A few thoughts about a possible API for repositories

I think the most important point for data repositories is to define an user API. This API should be independent of data storage and of data organization. Data organization is important because it is very difficult to find a single organization that covers the needs of all users in the long term. In this API, each data item should have an unique identifier (let’s call it an URL). The rest of the API could be divided in two parts:

  1. An indexation system managing data organization. It defines properties attached to data items (for instance, “group” or “subject” can be seen as properties of an FMRI image) as well as possible user requests on the data. This indexation API could have several implementations (relational database, BIRN, BrainVISA, etc.).

  2. A data storage system managing the link between the URL of a data item and its representation on a local file system. This system should take into account various file formats and various file storage systems (e.g. on a local file system, on a distant ftp site, as bytes blocks in a relational database).

This separation between indexation and storage is important for the design of databases, it makes it possible, for instance, to use distant or local data storage, or to define several indexations (i.e. several data organizations) for the same data. However indexation and data storage are not always independent. For example, they are independent if we use a relational database for indexation and URLs for storage, but they are not if file or directory names give indexation information (like in BrainVISA databases described above). At the user level, things can be simpler because the separation can be hidden in one object: the repository. A repository is composed of one indexation system and one data storage system and manage all the links between them. The user can send requests to the repository and receive a set of data items. Each data item contains indexation information (via the indexation system) and gives access to the data (via the storage system). Here is a sample of what-user-code-could-be to illustrate what I have in mind followed by a few comments:

# Get an access to one repository
repository = openRepository( repositoryURL )
# Create a request for selection of all the FMRI in the repository
request = ‘SELECT * FROM FMRI’
# Iterate on data items in the repository
for item in repository.select( request ):
  print item.url
  # Item is a directory-like structure for properties access
  for property in item:
    print property, ‘=’, item[ property ]
  # Retrieve the file(s) (and directorie(s) if any) from the data storage system
  # and convert it to NIFTI format (if necessary).
  files = item.getLocalFiles( format=’NIFTI’ )
  niftiFileName = files[ 0 ]
  # Read the image and do something with it
  ...
  1. I do not yet have a good idea of how to represent requests. Here, I chose to use SQL since it is simple to understand.

  2. This code does not make any assumption on the properties that are associated to an FMRI image.

  3. The method getLocalFiles can do nothing more than return a file name if the data item correspond to a local file in NIFTI format. But the same code can be used to access a DICOM image located in a distant ftp server. In this case, getLocalFiles will manage the transfer of the DICOM file, then the conversion to the required NIFTI format and return name of temporary file(s).

  4. getLocalFiles cannot always return just one file name because on the long term, there will be many data types (FMRI, diffusion MRI, EEG, MEG, etc.) that are going to be stored in the repositories. These different data will use various file formats.

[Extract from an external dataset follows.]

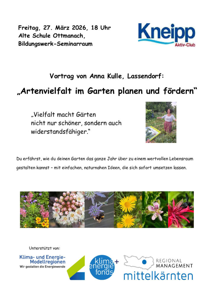 Am 27.03.2026 findet in der alten Volksschule Ottmanach um 18:00 Uhr ein spannender Vortrag zu klimafitten Garten und Steigerung der Artenvielfalt im eigenen Garten statt.

Some of these formats can use a combination of files and directories (for instance, CTF MEG raw data are stored in a directory (*.ds), the structural sulci format of BrainVISA is composed of a file(*.arg) and a directory (*.data), NIFTI images can be in one or two files, etc. ).

  5. The same kind of API can be used for writing data items in a repository. One could build a data item, adds properties and files and call something like repository.update( item ).